Matt Ridley on If Not a Writer
  Matt Ridley     Biography    
Recorded: 09 Sep 2003

I don’t know. I can’t answer that question. But, what I do is lots of different things. And to some extent that’s what writing is all about is having a short attention span. In fact, being a journalist you are almost required to have a short attention span. And I change what I’m doing every five or ten years it seems to me. So I don’t think scientists should do that. Scientists have to have focus and stick to things and see them through. If you find you’ve got a short attention span then journalism is a goof profession to go into. Perhaps that’s why I did it.

Matt Ridley is a journalist and a leading science writer.

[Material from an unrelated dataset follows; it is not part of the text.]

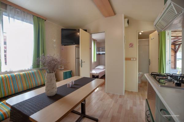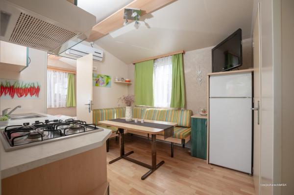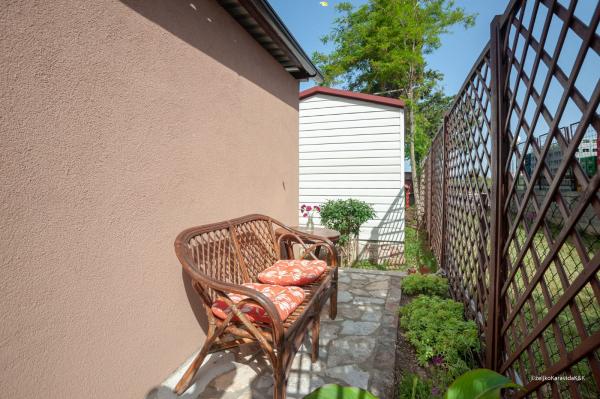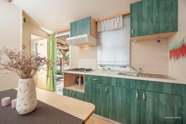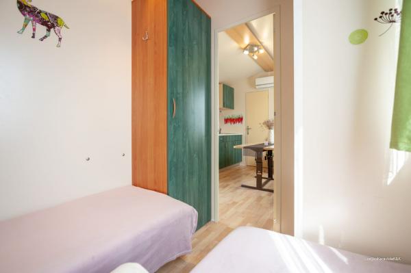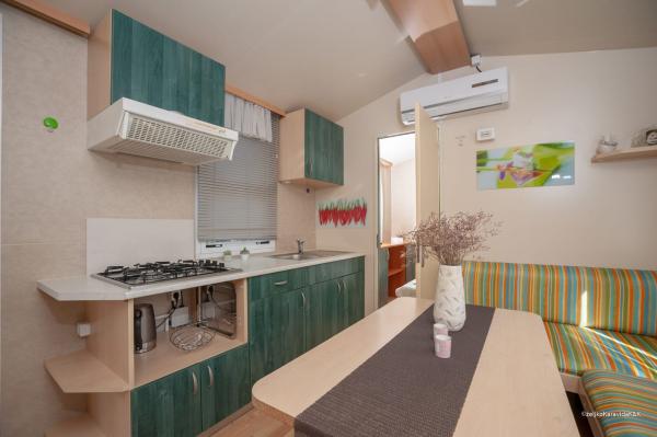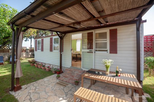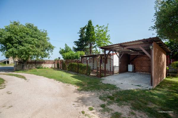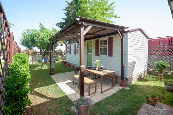 Mobile home znajduje się w podwórzu rodzinnego domu, na przedmieściach miasta Zadar w cichym otoczeniu. Dostęp jest od głównej drogi Zadar-Razanac, zaledwie kilka minut od centrum miasta i najbliższej plaży miasta. Dom otoczony jest przez drewniane panele dekoracyjne z najszybciej jak zdał sobie sprawę, intymności, a także niechciane widoki. Dom położony jest w małym sadzie i pięknym trawnikiem na drugim końcu właścicielami stoczni. Jako część domu i na podwórku jest grill, mały drewniany domek do zabaw dla dzieci, prysznic solarny, drewniane meble na tarasie siedzenia, małej drewnianej ławce usiąść i odpocząć przy szklance ulubionego napoju i książki, i garaż dla samochodu, więc samochód nie w słońcu lub deszczu. Od domku otoczony ozdobnym drewnianym ogrodzeniem dziecku swobodę podczas gry w dom i podwórko domach jedno wooden dzieci, a rodzice bezpieczeństwa i spokoju, podczas gdy w tym samym czasie nie ma niebezpieczeństwa zranienia.

He earned his Ph.D. in zoology from Oxford University in 1983. He worked as a correspondent and editor for The Economist, a columnist for Daily Telegraph and Sunday Telegraph and as editor of The Best American Science Writing 2002.

His books include Red Queen: Sex and the Evolution of Human Nature; Origins of Virtue: Human Instincts and the Evolution of Cooperation; Genome: The Autobiography of a Species in 23 Chapters ; Nature via Nurture: Genes, Experience, and What Makes Us Human; and Francis Crick: Discoverer of the Genetic Code. His books have been short-listed for many literary awards.

He is a fellow of the Royal Society of Literature and a fellow of the Academy of Medical Sciences. Ridley is the honorary life president of the International Centre for Life, Newcastle-upon-Tyne’s park devoted to life science that he founded in 1996. He is chairman of Northern Rock plc, and other financial services firms.

In 1996, Ridley first visited Cold Spring Harbor Laboratory and made James D. Watson’s acquaintance. In 2006 he was awarded an Honorary Doctorate of Science from Cold Spring Harbor Laboratory and is a visiting professor at the lab.